Takahashi’s economic ideas were by this point already well formed. He believed that the government’s role was to create the conditions for growth, not direct the allocation of capital. He opposed increases in military spending and maintained that Japan’s prosperity was best secured within the Anglo-American world order. In subsequent decades, Takahashi was prime minister once, minister of finance five times and is the only governor of the Bank of Japan to have his portrait featured on a banknote. Like the UK, Japan was forced off the gold standard by the First World War. Also like the UK, it made a disastrous decision to return to gold at the pre-war parity in 1930, on the cusp of global depression.
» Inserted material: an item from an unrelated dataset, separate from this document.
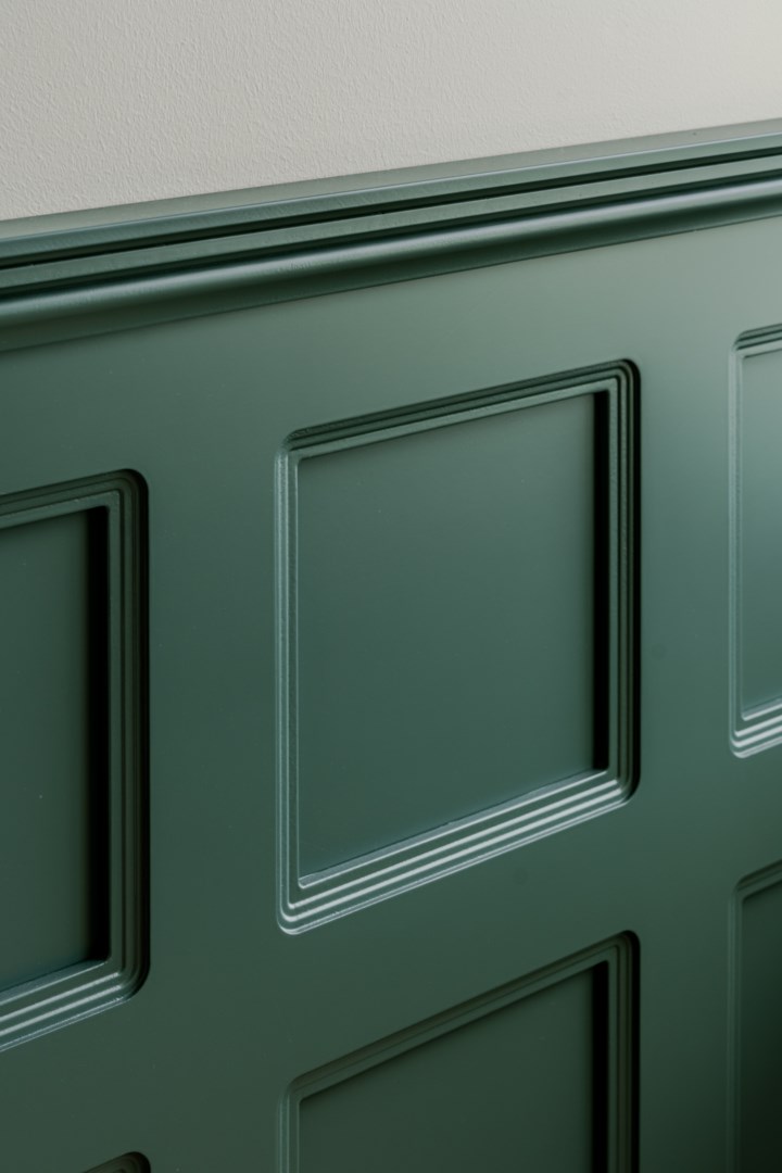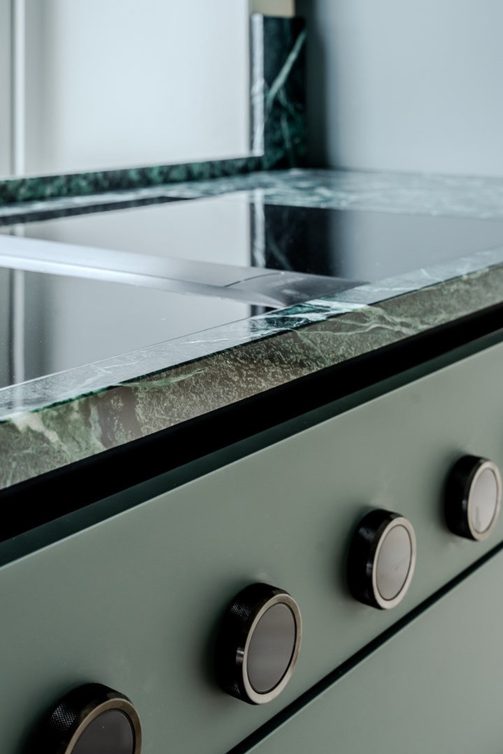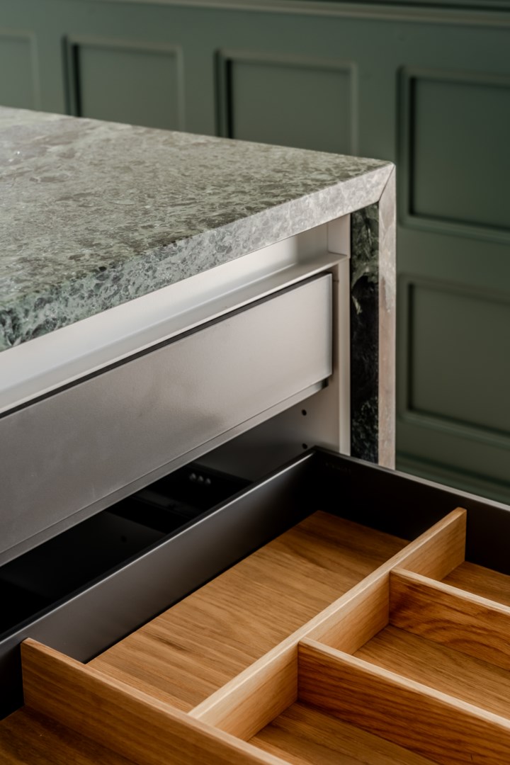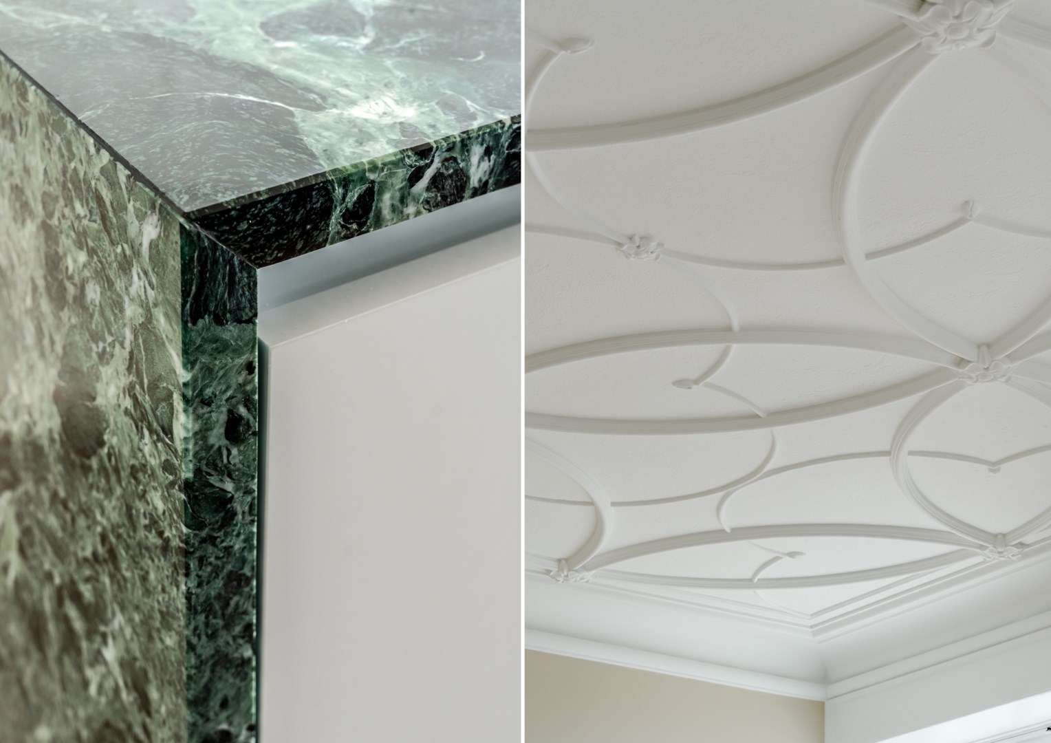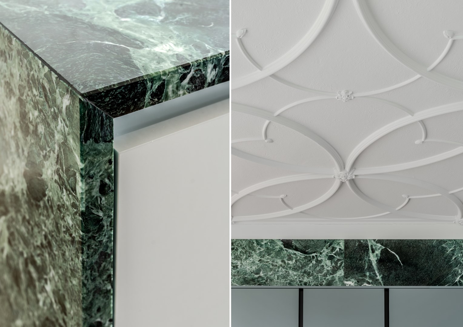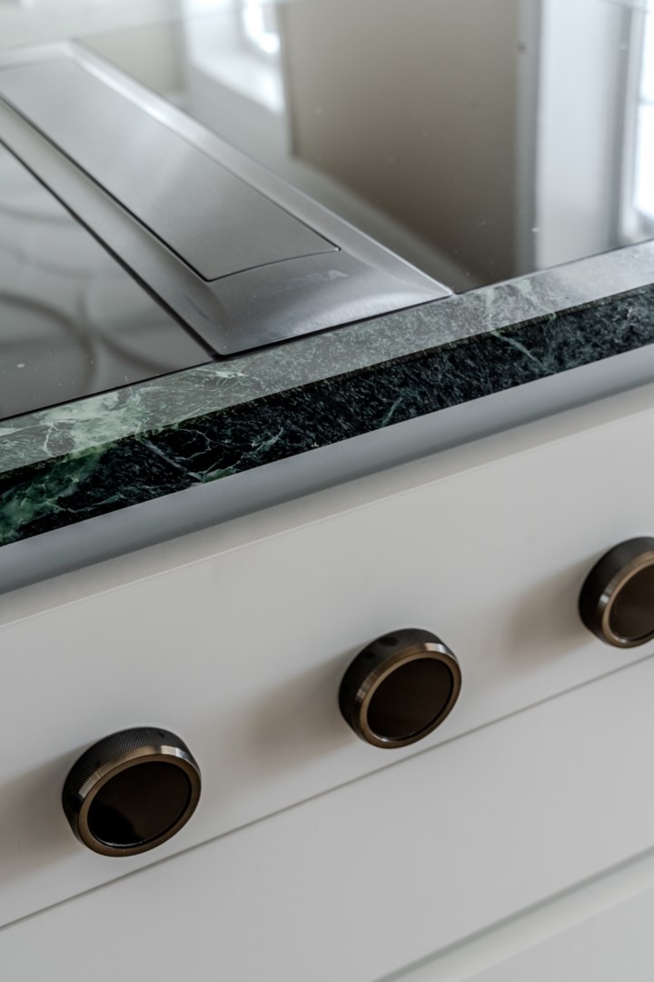 Våningen har genomgått en omfattande renovering där golven är klädda i elegant fiskbensparkett från Bjelin, vilket skapar en varm och sofistikerad känsla genom hela bostaden. De platsbyggda garderoberna i massiv valnöt är skräddarsydda för att skiljas från det normala samtidigt erbjuda generös förvaring i ett utförande som harmonierar med hemmets övriga exklusiva interiör.

By then Takahashi had retired from public life to tend his bonsai, but he answered the call of duty. Economic conditions were desperate and unemployment was soaring. Takahashi immediately took Japan off the gold standard and closed the public deficit through bonds underwritten by the Bank of Japan. In today’s terms, he

depreciated the currency and combined fiscal stimulus with quantitative easing. The result was a rapid return to growth and a stabilisation of the debt-to-GDP (gross domestic product) ratio as government revenues soared. Share prices doubled. According to US Federal Reserve chairman Ben Bernanke, Takahashi “brilliantly rescued Japan from the Great Depression through reflationary policies”. But there was to be no happy ending. So successful was the reflationary programme that it was soon time to implement an exit strategy. Takahashi had been critical of the Japanese army’s uncontrolled adventurism in China, so it was clear that military expenditure would bear the brunt of his imminent fiscal squeeze. Early one snowy morning in February 1936, fanatical army officers staged a coup d’état in central Tokyo. A detachment of soldiers marched from their base in Roppongi to Takahashi’s residence and shot and hacked him to death as he slept. It is a tribute to Takahashi’s stature that he was a prime assassination target at the age of 81. The coup was soon crushed, but the militarists were now dominant and Takahashi’s successor immediately doubled their budget. The result was inflation and war. Yet Takahashi may well have the last laugh. If Abenomics works and other countries follow suit, he will still be having a significant impact on our world today.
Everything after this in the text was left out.